[About this exercise]:
Please give the lines below again exactly as they stand, from the one that contains "위해 계류장에 비상대기" up to and including the one that contains "Para o Senado, a", leaving all pictures out.

[Source data]
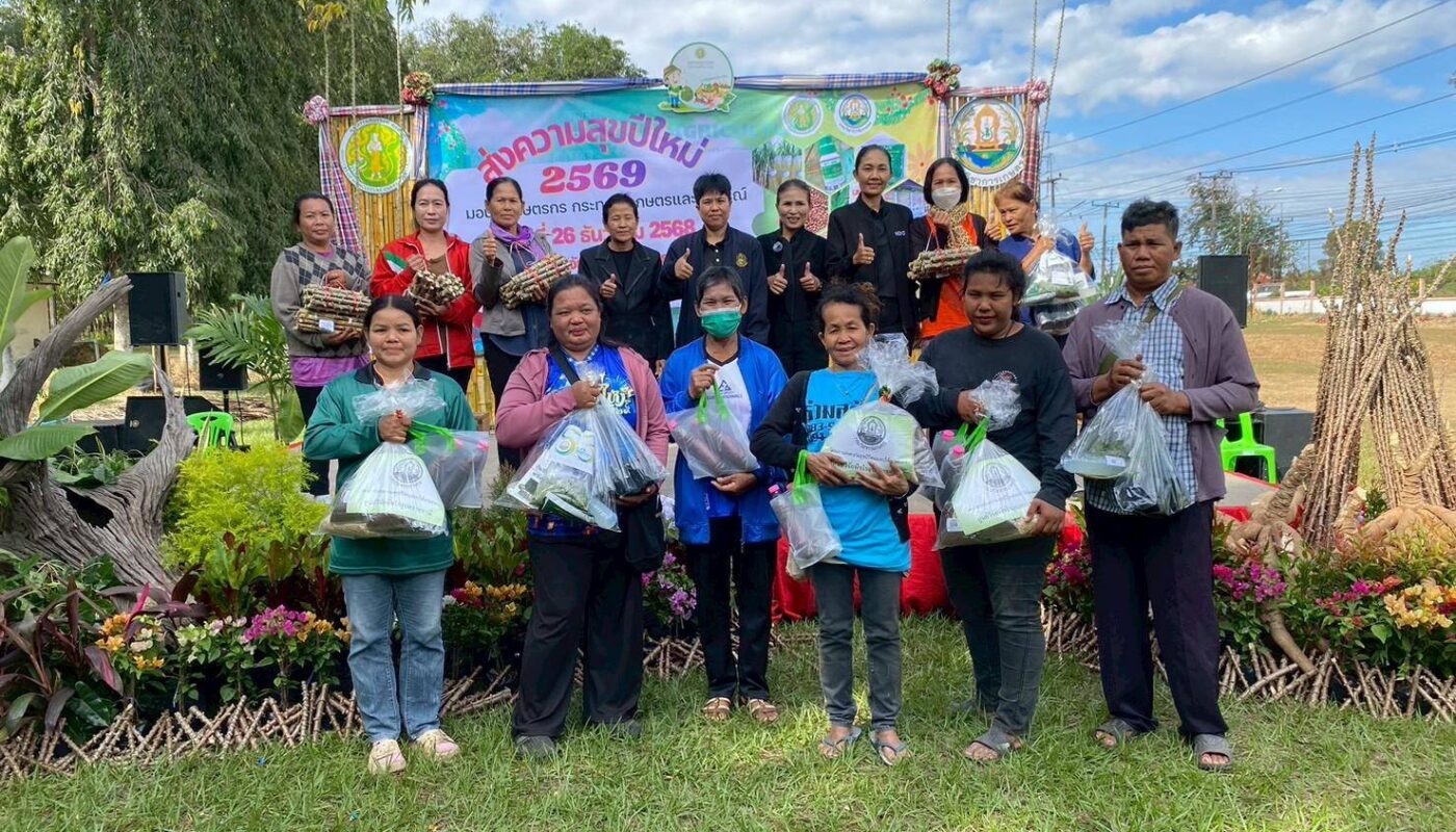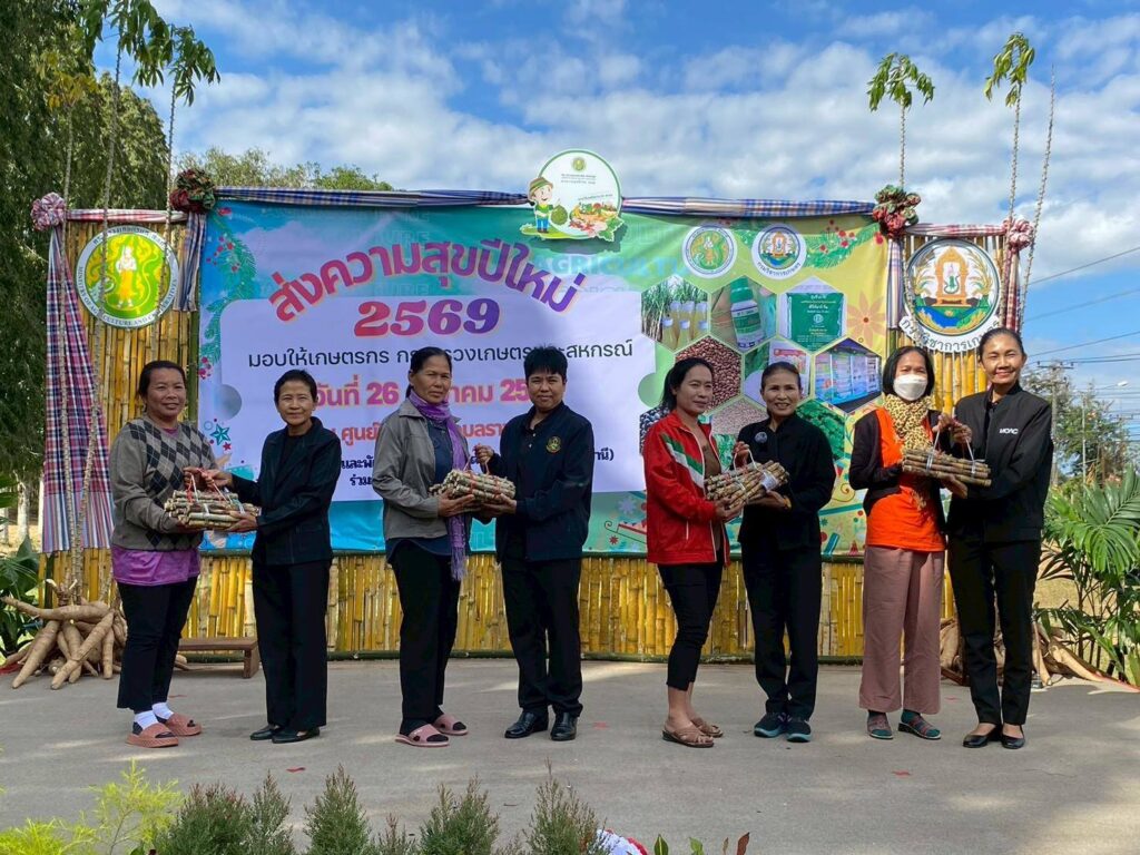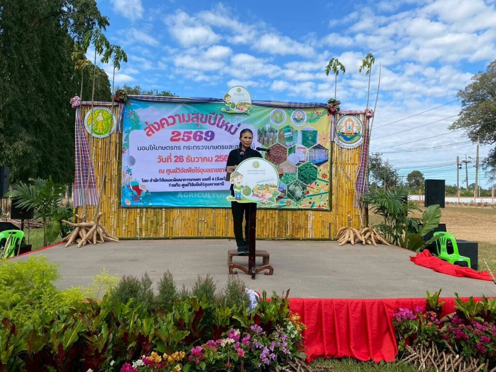วันที่ 26 ธันวาคม 2568 ศูนย์วิจัยพืชไร่อุบลราชธานี ร่วมกับ สำนักวิจัยและพัฒนา การเกษตร เขตที่ 4 จังหวัดอุบลราชธานี จัดกิจกรรม โครงการ “ส่งความสุขปีใหม่ มอบให้เกษตรกร กระทรวงเกษตรและสหกรณ์” ประจำปี พ.ศ. 2569 โดยศูนย์วิจัยพืชไร่อุบลราชธานีได้ส่งมอบท่อนพันธุ์มันสำปะหลัง พันธุ์ กวก.ระยอง 72 อ้อยหีบน้ำตาล พันธุ์ กวก. นครสวรรค์ 1เมล็ดพันธุ์ข้าวโพดเทียน พันธุ์ กวก.สุโขทัย 1 เมล็ดพันธุ์งาแดง พันธุ์ กวก.อุบลราชธานี 2 กวก.อุบลราชธานี 3 และเมล็ดพันธุ์ถั่วพุ่มเมล็ดดำ พันธุ์ กวก.อุบลราชธานี เพื่อมอบเป็นของขวัญให้เกษตรกรในช่วงเทศกาลปีใหม่ นำไปใช้ประโยชน์ในไร่นา ภูมิสังคม ต่อยอดการเพิ่มขยายกระจายพันธุ์พืชพันธุ์ดี สร้างเป็นอาชีพ มีกิน มีใช้ มีรายได้พอเพียง พร้อมจัดนิทรรศการถ่ายทอดความรู้ด้านการผลิตพืช และสาธิตการแปรรูปผลิตภัณฑ์เพื่อเพิ่มมูลค่าผลผลิตทางการเกษตร ณ ศูนย์วิจัยพืชไร่อุบลราชธานี ตำบลท่าช้าง อำเภอสว่างวีระวงศ์ จังหวัดอุบลราชธานี มีเกษตรกร และประชาชนผู้สนใจร่วมกิจกรรม จำนวน 156 ราย
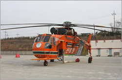 ^^^▲ 산불총력 대응을 위해 대형헬기 배치산불킬러인 초대형헬기(s-64e)가 산불출동을 위해 계류장에 비상대기
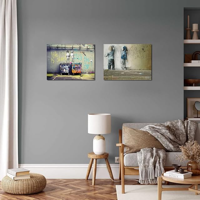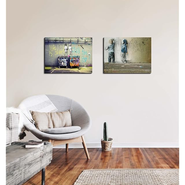 Banksy 絵画 ポスター バンクシー アートパネル 写真 2枚 玄関 インテリア 風水 玄関 アートポスタ ウォールアート モダン 現代 ポスター 装飾画 部屋飾り 壁の絵 壁掛け ソファの背景絵画 木枠付きの完成品
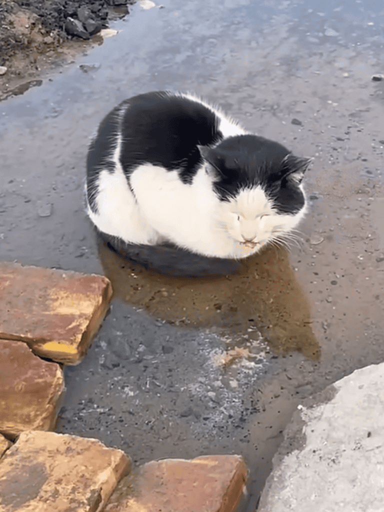 A sick and abandoned cat relieves pain in cold water, just wants to die quietly
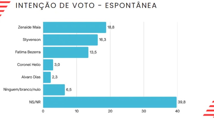 Para o Senado, a senadora Zenaide Maia lidera a disputa espontânea com 18,8%, seguida por Styvenson Valentim (16,3%) e Fátima Bezerra (13,5%).
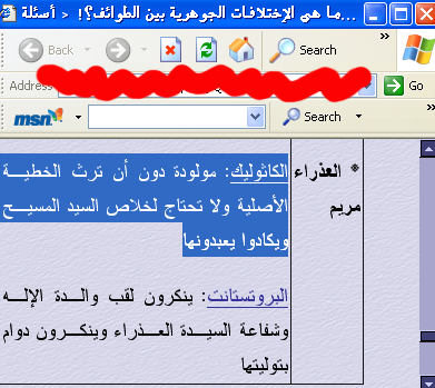 وكان إستدلال هذا المعتوه بقول الله تعالي ( لقد كفر الذين قالوا إن الله ثالث ثلاثه ) وقال هذا المعتوه أن الآيه تقصد المريميين ( والكلام علي لسان المعتوه زكريا بطرس ) وأنه كان هناك طائفه تعبد مريم علي إنها أم الاله بدعوي أن الله تزوج مريم وأنجبوا المسيح ( سبحان الله عما يقولون ) ثم أستشهد بالآيه ((وَإِذْ قَالَ اللّهُ يَا عِيسَى ابْنَ مَرْيَمَ أَأَنتَ قُلتَ لِلنَّاسِ اتَّخِذُونِي وَأُمِّيَ إِلَـهَيْنِ مِن دُونِ اللّهِ قَالَ سُبْحَانَكَ مَا يَكُونُ لِي أَنْ أَقُولَ مَا لَيْسَ لِي بِحَقٍّ إِن كُنتُ قُلْتُهُ فَقَدْ عَلِمْتَهُ تَعْلَمُ مَا فِي نَفْسِي وَلاَ أَعْلَمُ مَا فِي نَفْسِكَ إِنَّكَ أَنتَ عَلاَّمُ الْغُيُوبِ )) فتغني معه الشمطاء تاهت متولي لتقول أن المسيح أقر أنه لم يمر أحد بعبادة مريم اه صح يا بونا .
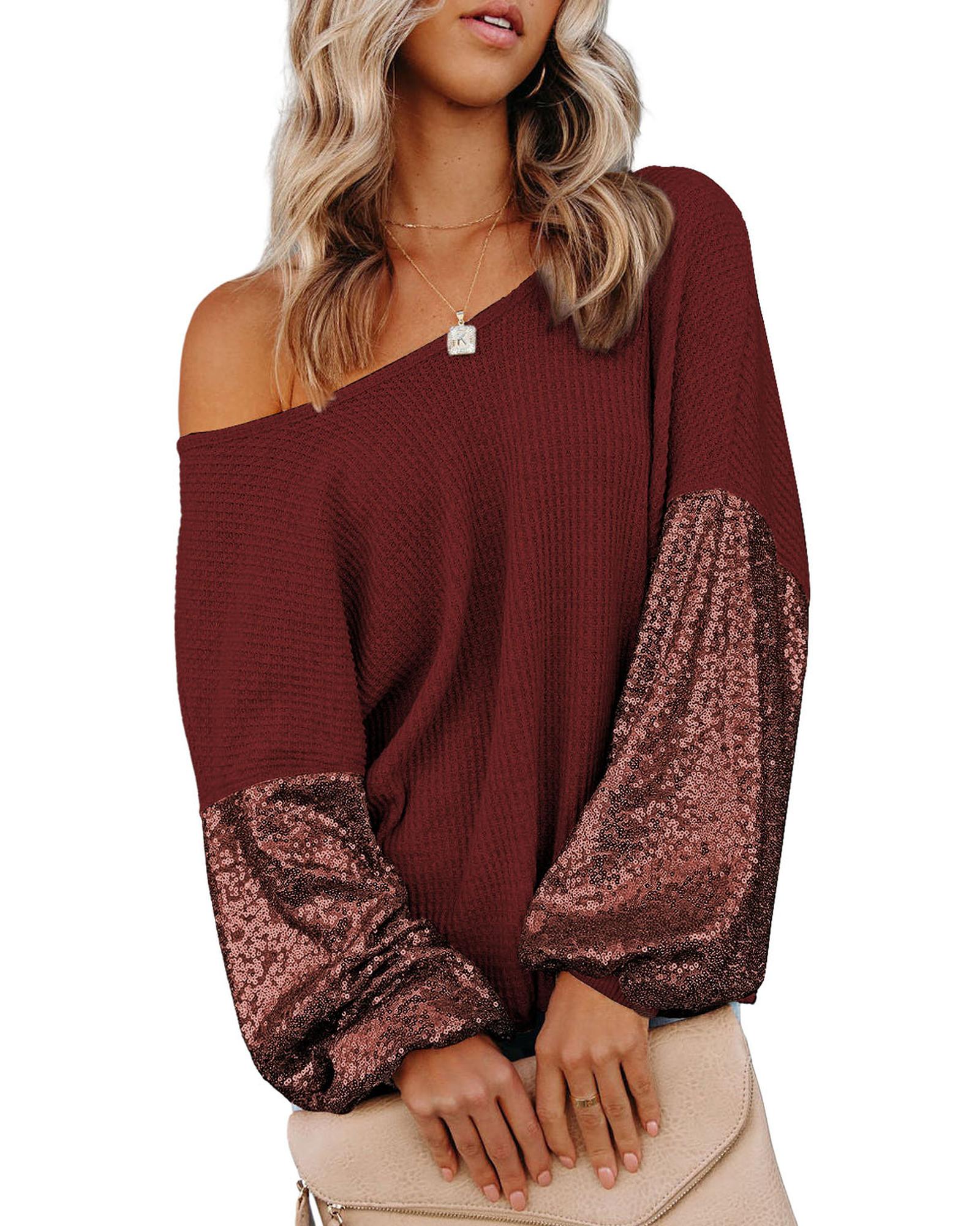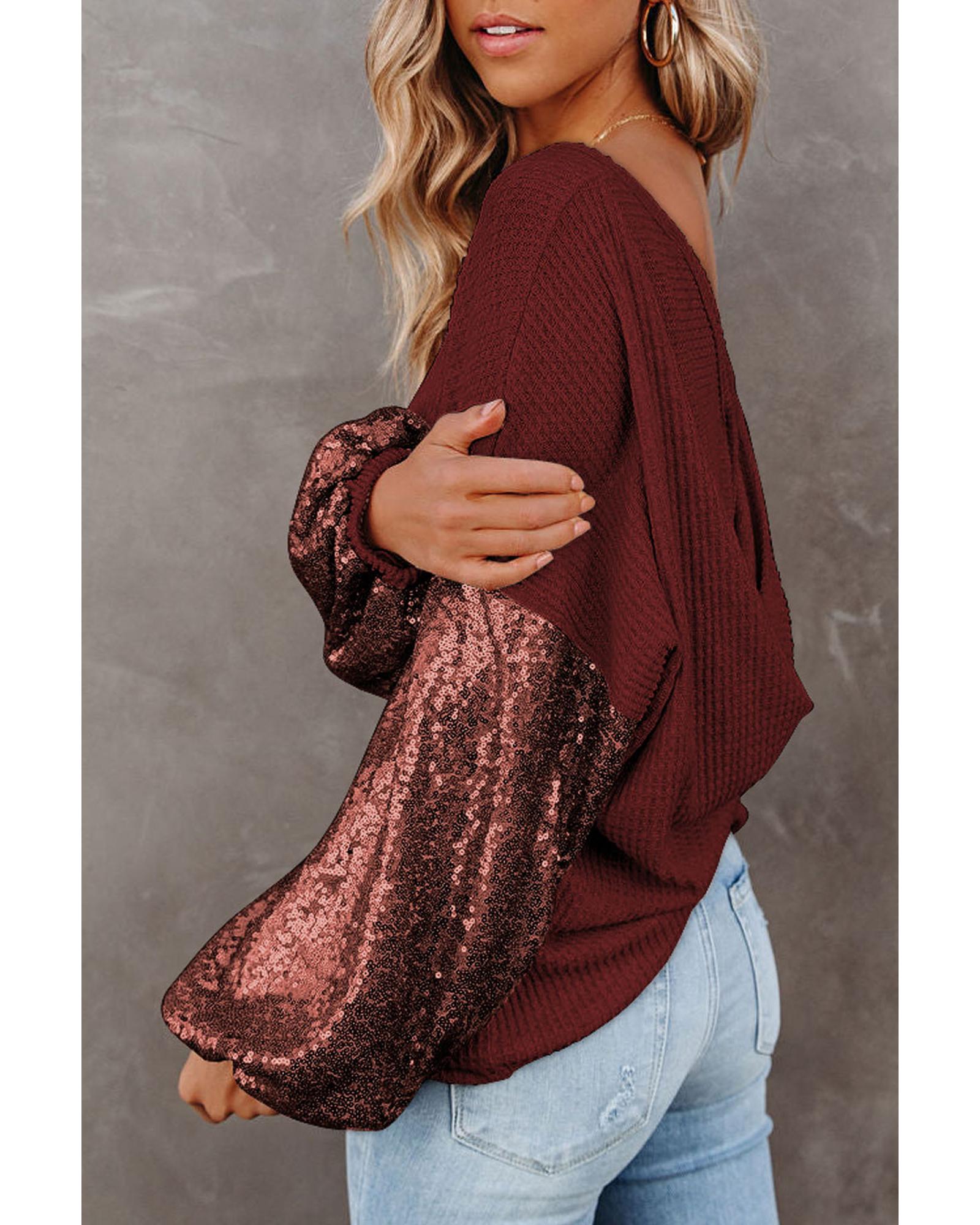 - Biking Red Sequin Patchwork Sleeve Open Back Waffle Knit Top

[Solution to the problem]:
 ^^^▲ 산불총력 대응을 위해 대형헬기 배치산불킬러인 초대형헬기(s-64e)가 산불출동을 위해 계류장에 비상대기
 Banksy 絵画 ポスター バンクシー アートパネル 写真 2枚 玄関 インテリア 風水 玄関 アートポスタ ウォールアート モダン 現代 ポスター 装飾画 部屋飾り 壁の絵 壁掛け ソファの背景絵画 木枠付きの完成品
 A sick and abandoned cat relieves pain in cold water, just wants to die quietly
 Para o Senado, a senadora Zenaide Maia lidera a disputa espontânea com 18,8%, seguida por Styvenson Valentim (16,3%) e Fátima Bezerra (13,5%).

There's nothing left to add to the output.